El debate también resulta asfixiado por las maneras de comunicarnos. Alguien puede convencernos con sus ideas si las dice en voz alta, a veces con gritos, acaparando el tiempo con sus intervenciones o si es florido en el uso de epítetos. Por eso a muchos les gusta hablar desde una tarima o podio, por encima de los demás, con micrófono a alto volumen, sin límite de tiempo y con la prerrogativa de tener la última palabra. En cambio, como no hemos aprendido a escuchar, nos parece aburrido o poco importante cuando alguien habla en tono suave, pausado o breve. Al respecto, con frecuencia asisto a reuniones en las que la tónica general es el abuso cuando se tiene el turno de la palabra.

Otro problema es el alcance de nuestros argumentos. Aunque éstos sean válidos, no siempre hacemos el esfuerzo para que incluyan las expectativas o intereses de otros. Claro que esto no es fácil, en especial cuando las posiciones son antagónicas o cerradas. Pero un argumento incluyente es la única forma de alcanzar acuerdos amplios y sostenibles. Aunque su deducción como idea es directa, en la práctica el interés general se construye de abajo hacia arriba, englobando por una escabrosa senda, poco a poco, los intereses particulares.
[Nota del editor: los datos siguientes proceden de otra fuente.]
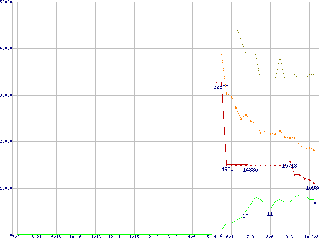 ※このグラフは過去のデータも税率5%相当に調整した税込み相当額のグラフです。 税率変更や、総額表示方式導入(2004年4月)の影響は除いています。 | | | ●凡例 | 最安値 (点線部は販売店未確認 または未調査) | 平均値 | 最高値 | ショップ数 |
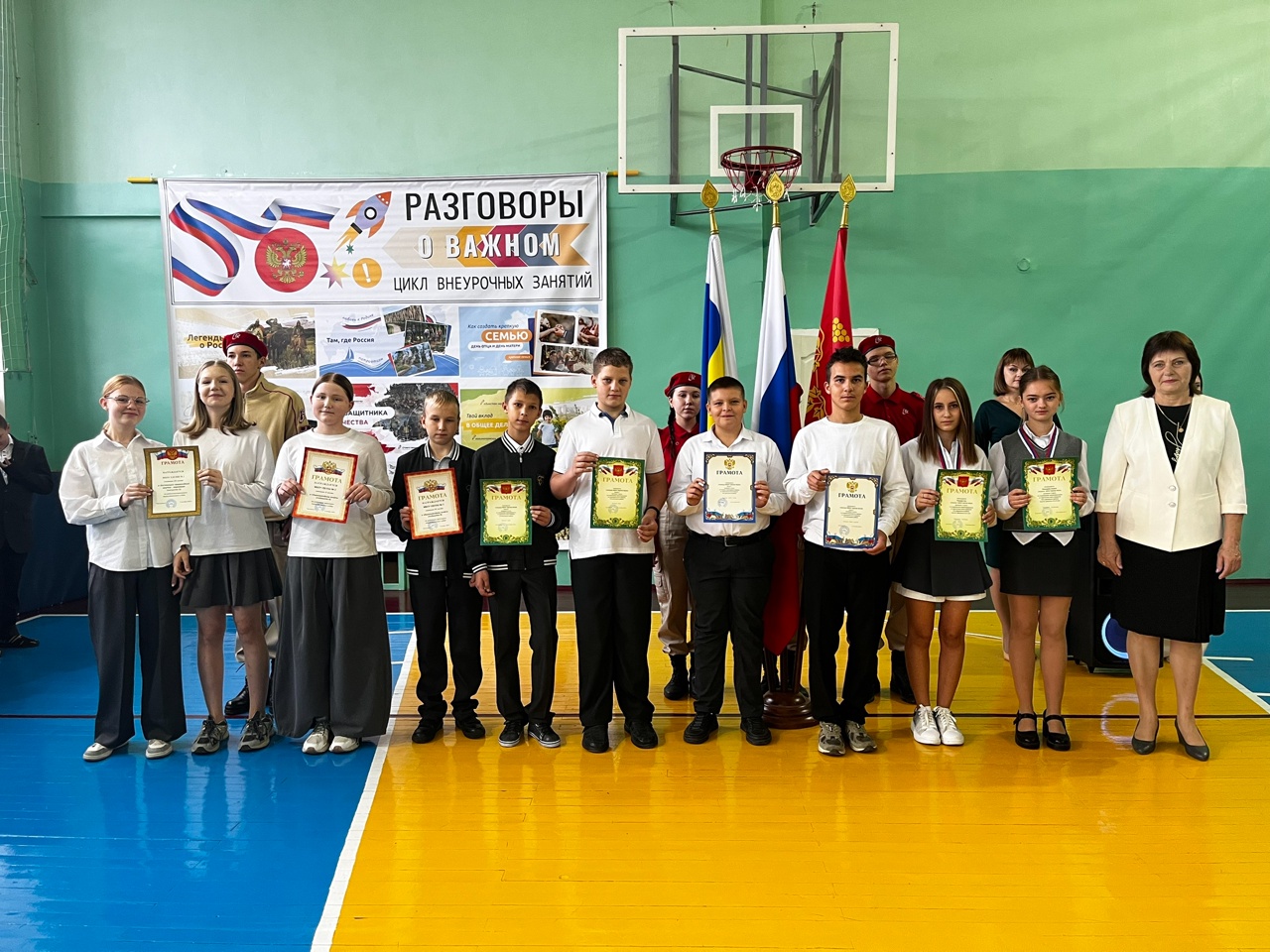 6 октября традиционно была проведена общешкольная линейка, на которой были внесены флаги и исполнен гимн Российской Федерации.

Quizás una de las limitaciones más fuertes para el entendimiento mutuo es que nos es más fácil pensar en términos de personas o grupos, en lugar de reglas generales. El conflicto constitucional que estamos viviendo es un claro ejemplo. Los amigos del FMLN, por citar un caso, optan por descartar la justicia constitucional y ponen por encima los intereses de sus primeros diputados, en relación con las reglas electorales. Mientras que en ARENA, de igual manera se violenta la independencia judicial ante el temor de que su máximo líder termine sometido a los tribunales. Para nosotros, los salvadoreños, la regla vale mientras no afecte los intereses propios. Y con esa forma de pensar es difícil superar los comportamientos tribales.

Los problemas que vivimos son de dimensiones titánicas. Pero poco hacemos por resolverlos si preferimos comportarnos como los personajes de 'Rebelión en la granja', una de las novelas de George Orwell de 1945. Los animalitos se liberaron del yugo del señor Jones para regir su propio destino. Pero el hecho de no practicar el debate, más el cambio antojadizo de las reglas, provocó que pronto terminaran bajo la tiranía de los cerditos. Por eso, siempre debemos tener presente que el oficio del buen ciudadano comienza sometiendo a refutación las ideas, y continua al asumir las implicaciones prácticas de ese ejercicio.